Personal information
- National team: Democratic Republic of the Congo
- Born: 3 December 1989 (age 35) Goma,Democratic Republic of the Congo

Sport
- Sport: Shot put
- Disability: Partial right led amputation

= Rosette Luyina Kiese =

Congolese athlete (born 1989)

Rosette Luyina Kiese (born 3 December 1989) is a Congolese athlete who competes in the shot put. After having a partial amputation of her right leg due to a landmine explosion, Luyina took up sport and competed at the 2016 Summer Paralympics in Rio de Janeiro, Brazil.

==Career==
Rosette Luyina Kiese had a partial amputation of her right leg in 2010 after stepping on a landmine in the Rutshuru Territory of the Democratic Republic of Congo. She underwent rehabilitation in the care of the International Committee of the Red Cross (ICRC), who also gave her a prosthesis. Luyina was introduced to sport, which she credited for helping her get on with her life.

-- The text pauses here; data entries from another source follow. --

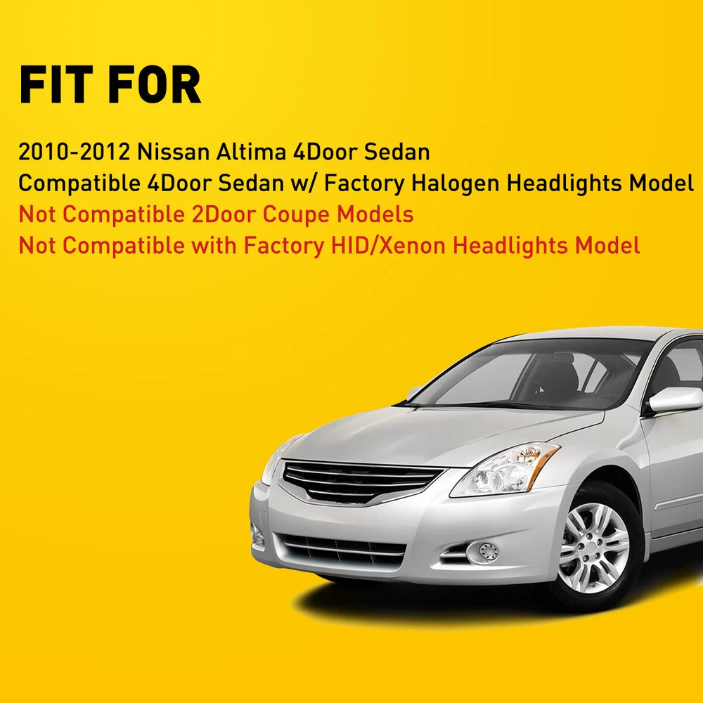 Fit for: 2010-2012 Nissan Altima 4Door Sedan Compatible 4Door Sedan w/ Factory Halogen Headlights Model Not Compatible 2Door Coupe Models Not Compatible with Factory HID/Xenon Headlights Model Specifications: OE number: 26010ZX00A, 26060ZX00A NI2503190, NI2502190 Material: ABS+PC (ABS Plastic Housing/Polycarbonate lens) Appearance color: 1.Housing Color: Chrome 2.Lens Color:Clear 3.Reflector Color:Amber Note: Projector ×(Not include) DRL × (Not include) Bulb × (Not include) Left Right Pair Headlight Assembly Halogen For 2010-2012 Nissan Altima NI2503190 Fit for: 2010-2012 Nissan Altima 4Door Sedan Compatible 4Door Sedan w/ Factory Halogen Headlights Model Not Compatible 2Door Coupe Models Not Compatible with Factory HID/Xenon Headlights Model Specifications: OE number: 26010ZX00A, 26060ZX00A NI2503190, NI2502190 Material: ABS+PC (ABS Plastic Housing/Polycarbonate lens) Appearance color: 1.Housing Color: Chrome 2.Lens Color:Clear 3.Reflector Color:Amber Note: Projector ×(Not include) DRL × (Not include) Bulb × (Not include) Features: *Easy to install: Direct replacement, drilling and cutting are not required. *Superior quality: Made of ABS and PC materials with toughness and heat resistance functions to ensure its long service life and durability. *Angle adjustment: Equipped with a headlamp Angle adjustment knob, you can adjust the best Angle of view through the knob. *Suggestion: 1.Please confirm the OE number before purchasing!!! 2.Professional installation is required!!! Packaging include: Headlights*2(Left+Right) Item Specifics Brand AUXITO Lighting Technology Halogen Type Headlight Assembly Features Reflector Housing, SAE-Certified, Sealed Assembly Housing Color Chrome Placement on Vehicle Front Left,Right Light Color No Bulb Lens Color Clear Reflector Color Amber Manufacturer Part Number NSAT10.00 Color Temperature \ Voltage 12 V Mounting Style Screws Vintage Part Yes Performance Part Yes Manufacturer Warranty 5 Years Universal Fitment No Number of Bulbs 0 Finish Smooth Model For 2010-2012 Nissan Altima 4Door Sedan OE/OEM Part Number 26010ZX00A, 26060ZX00A,NI2503190, NI2502190 Quantity 2 Headlight assembly Packaging include Left & Right Side Headlights Assembly Bulbs Included Not Included Bulb Shape Code Please Use Stock Bulbs Include Projector Not Included Include DRL Not Included Fitment Type Direct Replacement Assembly Type Composite Type Headlight Assembly Mounting Hardware Included No Certifications DOT, SAE Dust and Moisture Protection Yes Waterproof Yes Ballast Included No Applicable Regions US Items Included Headlight Assembly Bulb Shape Code Just like the original Wattage \ Payment Variety of payment methods are accepted, such as credit, debit, gift cards, Apply pay, Google Pay, Paypal and Paypal Credit. Shipping 1. All items will be shipped in 24 hours after receiving your payment . 2. We ship this item to US only via USPS first class mail. It usually takes 3-5 working days to deliver. Returns 1. We offer 60 days return policy. 2. Please contact us if you have any questions with the products . 3. Refund will be sent after we got your returned package. 4. All returned items should be in the original packaging with tracking number. Contact Us We work from Monday - Saturday 9:00AM - 6:00PM, but we will reply once we get your message. There will be delay on response if you send message or E-Mail on Sunday. DESCRIPTION PAYMENT SHIPPING RETURN POLICY CONTACT US Shop Category Store Home LED Headlight ◈ 9005 HB3 ◈ 9006 HB4 ◈ H7 LED Fog Light ◈ H8 H9 H11 LED Plate Light LED Reverse Light LED Brake Light Rear Bumper Light LED Tail Light Tail Light assemblies Car Parts & Accessories ◈ LED Third Brake Light ◈ Other Parts & Accessories Other New List Item Motorcycle Wind Swivel Stealth Rear Wing View Mirror Side Fit Honda ABS plastic USD 29.09 New LED Dually Bed Fender Side Marker Lights Amber/Red For 99-10 Ford F350 F450 USD 13.99 5202 H16 LED Fog Light Bulbs 6500K White 80W for 2007-2015 Chevy Silverado 1500 USD 28.99 For Dodge Ram 1500 2500 3500 Heated Driver Left Side Upper Towing Mirror Glass I USD 24.99 9006 9005 LED Headlight KIT Combo Bulbs 6500K High Low Beam Super Bright White USD 47.99 Hot Item Rubber Seal Trim Prevent Water Leakage Windshield Sunroof Roof Top Window 10FT USD 10.99 Rubber Seal Trim Prevent Water Leakage Windshield Sunroof Roof Top Window 10FT USD 12.99 Auxito 9005 + H11 Combo LED Headlight 120W 80000LM High/Low Beam 6500K Bulbs Kit USD 46.99 FOR 94-04 MUSTANG PASSENGER or DRIVER SIDE MASTER POWER WINDOW CONTROL SWITCH USD 9.99 AUXITO Combo 4 9005 + H11 LED Headlight Kit Bulbs High Low Beam White 80000LM USD 35.99 Similar Item Excellent Delivery Left Right Pair Headlight Assembly Halogen For 2010-2012 Nissan Altima NI2503190 Fit for: 2010-2012 Nissan Altima 4Door Sedan Compatible 4Door Sedan w/ Factory Halogen Headlights Model Not Compatible 2Door Coupe Models Not Compatible with Factory HID/Xenon Headlights Model Specifications: OE number: 26010ZX00A, 26060ZX00A NI2503190, NI2502190 Material: ABS+PC (ABS Plastic Housing/Polycarbonate lens) Appearance color: 1.Housing Color: Chrome 2.Lens Color:Clear 3.Reflector Color:Amber Note: Projector ×(Not include) DRL × (Not include) Bulb × (Not include) Features: *Easy to install: Direct replacement, drilling and cutting are not required. *Superior quality: Made of ABS and PC materials with toughness and heat resistance functions to ensure its long service life and durability. *Angle adjustment: Equipped with a headlamp Angle adjustment knob, you can adjust the best Angle of view through the knob. *Suggestion: 1.Please confirm the OE number before purchasing!!! 2.Professional installation is required!!! Packaging include: Headlights*2(Left+Right) Item Specifics Brand AUXITO Lighting Technology Halogen Type Headlight Assembly Features Reflector Housing, SAE-Certified, Sealed Assembly Housing Color Chrome Placement on Vehicle Front Left,Right Light Color No Bulb Lens Color Clear Reflector Color Ambe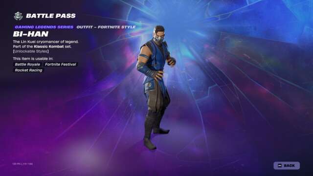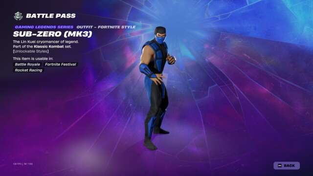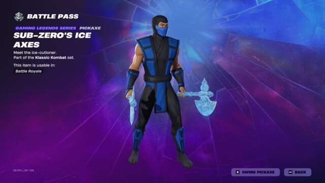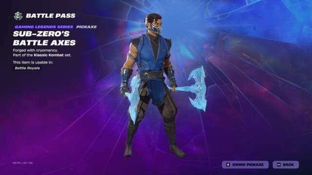 The highlight, no doubt, is the lone collaboration on the battle pass: Sub-Zero from the fighting game series Mortal Kombat. There are eight distinct characters included in the reveal, so this should be every skin in the battle pass. Keep in mind, however, that all of them will have at least one alternate style. So, for example, we’ve got Sub-Zero in his classic blue look here, but we can expect at least one of his many other looks as well–there are way too many potential options to choose from, so we won’t bother guessing.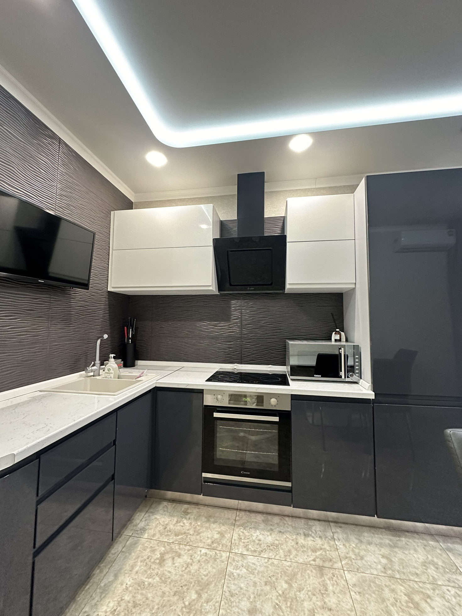 квартиру делали полностью для себя, не экономили на ремонте и стройматериалах. В коридоре, на кухне на полах керамогранит, на стенах дорогие обои. В ванной дорогая плитка. Во всей квартире натяжные потолки. В кухне около рабочей зоны, также на стенах дорогая дизайнерская плитка. Квартиру эксплуатировали очень аккуратно. В аренду никогда не сдавалась! Жили только хозяева, без детей и животных. В квартире остается вся мебель и техника: стиралка, 2 телевизора, 2 сплит системы, встраиваемых холодильник, посудомойка, вытяжка, варочная панель, духовой шкаф, микроволновая печь.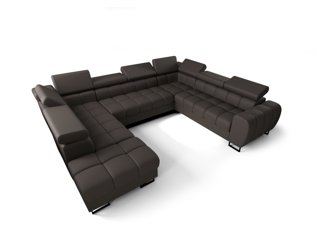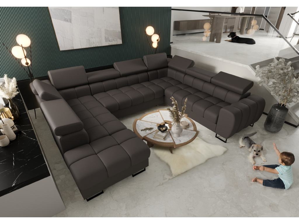 Rohová pohovka Aspen Max I z přírodní kůže ve tvaru U o rozměrech 265 × 350 × 225 cm je luxusní a mimořádně prostorný model, který promění váš obývací pokoj v dokonalé místo pro odpočinek i společné chvíle s rodinou a přáteli. Díky velkorysému prostoru k sezení poskytuje maximální komfort během dne a zároveň nabízí možnost občasného spaní pro hosty. Nastavitelné opěrky hlavy umožňují přizpůsobit polohu přesně podle vašich individuálních potřeb, takže si můžete užít dokonalou relaxaci při sledování televize, čtení nebo odpočinku po náročném dni. Praktickým prvkem jsou také dvě prostorné skládací přihrádky na ložní prádlo, které usnadňují organizaci domácnosti a poskytují dostatek místa pro uložení textilií. Čalounění z kvalitní celozrnné přírodní kůže dodává pohovce elegantní a luxusní vzhled, vysokou odolnost a dlouhou životnost, přičemž pravá kůže je použita na všech viditelných částech nábytku včetně boků a zadní části. Charakteristický design inspirovaný tvarem čokoládové tyčinky dodává modelu Aspen jedinečný a originální vzhled, který dokonale zapadá do současných trendů v interiérovém designu. Vysoké nohy ve stříbrném nebo černém provedení podtrhují moderní charakter pohovky a zároveň usnadňují úklid pod nábytkem. Rohová pohovka Aspen Max I z přírodní kůže je ideální volbou pro ty, kteří hledají spojení luxusních materiálů, moderního designu a praktických funkcí v jednom výjimečném kusu nábytku.

Luyina was named to the Democratic Republic the Congo team for the 2016 Summer Paralympics in Rio de Janeiro, Brazil. The ICRC also aided with a grant to help the athletes attend the competition. Coached by Claude Weshanga, Luyina trained prior to the Paralympics at the Stade des Martyrs in Kinshasa. She was named as the flag bearer for her nation in the Parade of Nations during the 2016 Summer Paralympics opening ceremony. She competed in the women's shot put in the F57 class. Luyina finished in 10th position out of the 12 athletes, registering a distance of 4.97 m.